▶ **Supplied data**:
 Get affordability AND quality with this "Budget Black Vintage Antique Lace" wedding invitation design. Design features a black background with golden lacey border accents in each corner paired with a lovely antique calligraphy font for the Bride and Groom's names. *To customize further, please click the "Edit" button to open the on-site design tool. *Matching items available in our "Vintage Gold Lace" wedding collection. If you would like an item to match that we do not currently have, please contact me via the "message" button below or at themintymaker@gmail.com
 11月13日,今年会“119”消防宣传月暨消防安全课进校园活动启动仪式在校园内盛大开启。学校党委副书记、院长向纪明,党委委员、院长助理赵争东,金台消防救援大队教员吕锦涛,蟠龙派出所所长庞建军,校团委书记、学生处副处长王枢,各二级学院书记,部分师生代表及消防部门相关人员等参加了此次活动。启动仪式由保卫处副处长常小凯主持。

---

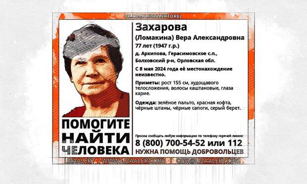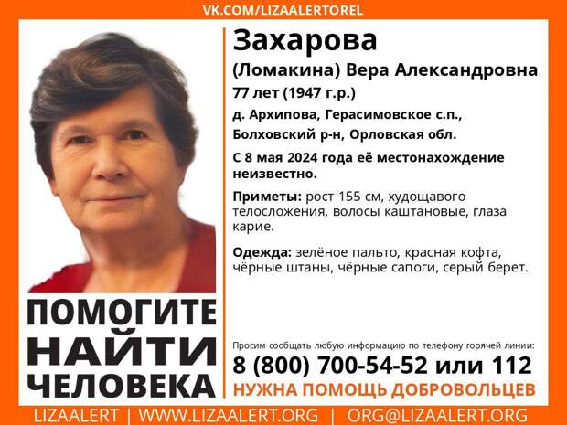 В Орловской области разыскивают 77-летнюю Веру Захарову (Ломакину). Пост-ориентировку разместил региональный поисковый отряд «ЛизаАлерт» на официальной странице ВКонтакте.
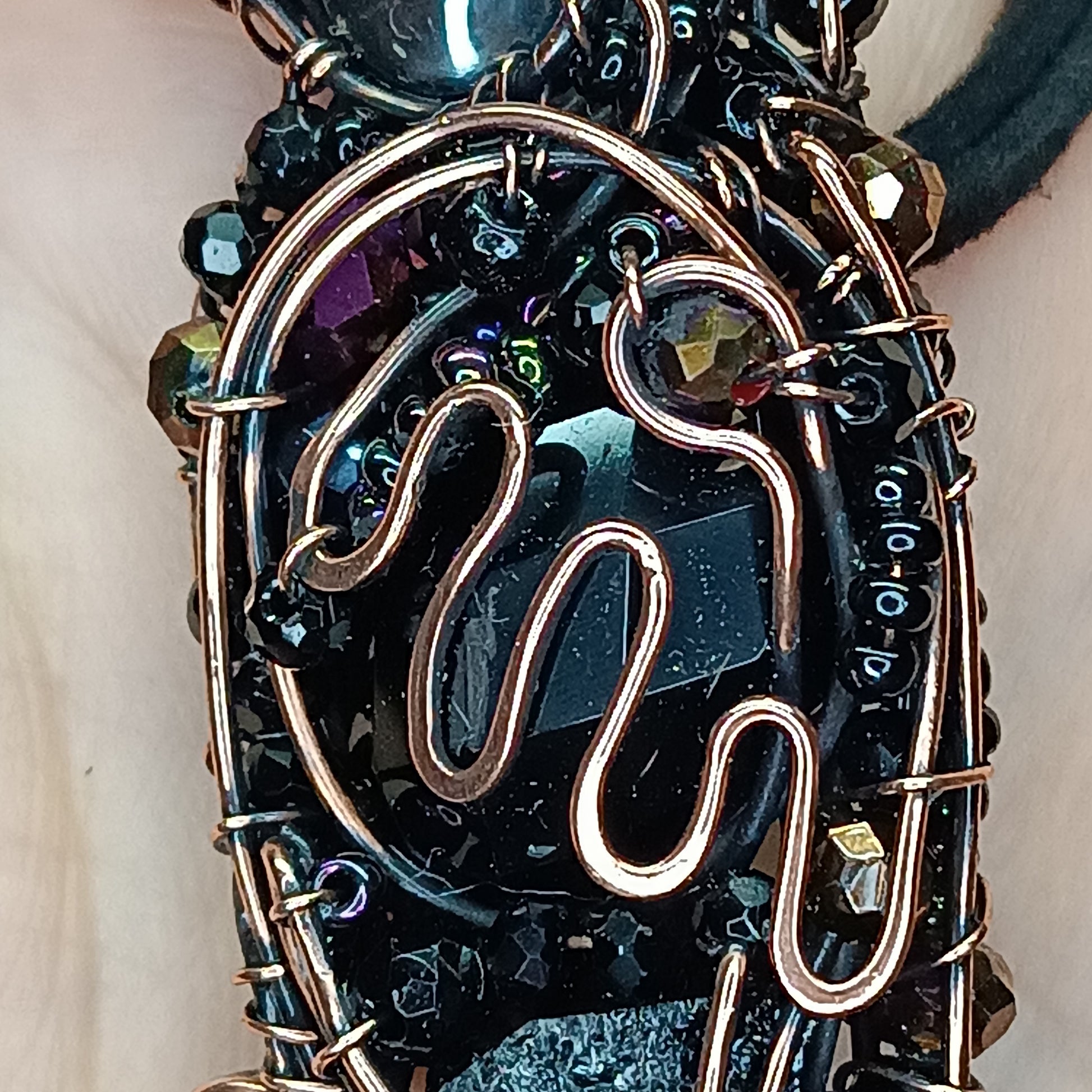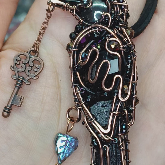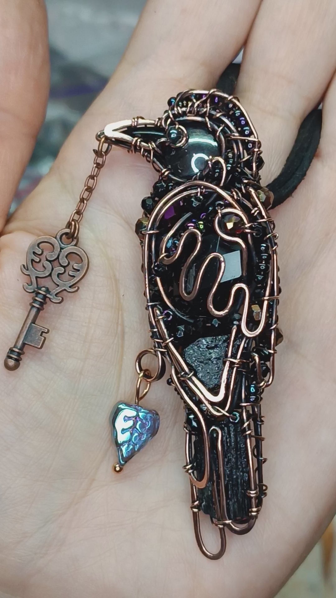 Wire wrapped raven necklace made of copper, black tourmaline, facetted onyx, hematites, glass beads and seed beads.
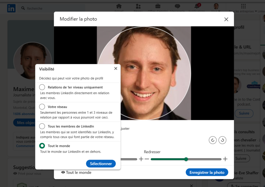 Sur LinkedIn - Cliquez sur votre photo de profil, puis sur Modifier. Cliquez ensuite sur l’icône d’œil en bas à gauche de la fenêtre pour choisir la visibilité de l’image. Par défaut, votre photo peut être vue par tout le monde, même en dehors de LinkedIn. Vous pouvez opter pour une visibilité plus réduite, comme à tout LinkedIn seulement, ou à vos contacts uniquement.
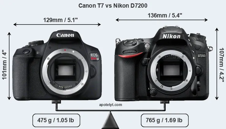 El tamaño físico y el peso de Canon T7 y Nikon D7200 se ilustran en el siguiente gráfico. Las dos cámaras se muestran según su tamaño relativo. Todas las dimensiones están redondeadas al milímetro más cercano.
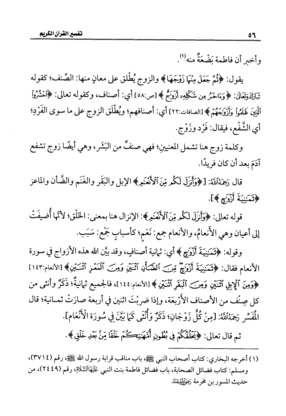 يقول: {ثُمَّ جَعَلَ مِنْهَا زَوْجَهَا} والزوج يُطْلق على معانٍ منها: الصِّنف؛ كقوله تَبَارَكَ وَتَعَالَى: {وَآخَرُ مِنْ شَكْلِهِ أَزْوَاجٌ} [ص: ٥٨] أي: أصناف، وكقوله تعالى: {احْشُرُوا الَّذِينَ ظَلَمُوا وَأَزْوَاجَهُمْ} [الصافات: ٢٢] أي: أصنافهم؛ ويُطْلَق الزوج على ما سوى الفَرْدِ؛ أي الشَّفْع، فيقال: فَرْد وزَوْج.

▶ **Activity**: Output only the lines above from the line that holds "El tamaño físico" through the line that holds "فيقال: فَرْد وزَوْج.", both ends included, and exclude pictures.

▶ **Expected answer**:
 El tamaño físico y el peso de Canon T7 y Nikon D7200 se ilustran en el siguiente gráfico. Las dos cámaras se muestran según su tamaño relativo. Todas las dimensiones están redondeadas al milímetro más cercano.
 يقول: {ثُمَّ جَعَلَ مِنْهَا زَوْجَهَا} والزوج يُطْلق على معانٍ منها: الصِّنف؛ كقوله تَبَارَكَ وَتَعَالَى: {وَآخَرُ مِنْ شَكْلِهِ أَزْوَاجٌ} [ص: ٥٨] أي: أصناف، وكقوله تعالى: {احْشُرُوا الَّذِينَ ظَلَمُوا وَأَزْوَاجَهُمْ} [الصافات: ٢٢] أي: أصنافهم؛ ويُطْلَق الزوج على ما سوى الفَرْدِ؛ أي الشَّفْع، فيقال: فَرْد وزَوْج.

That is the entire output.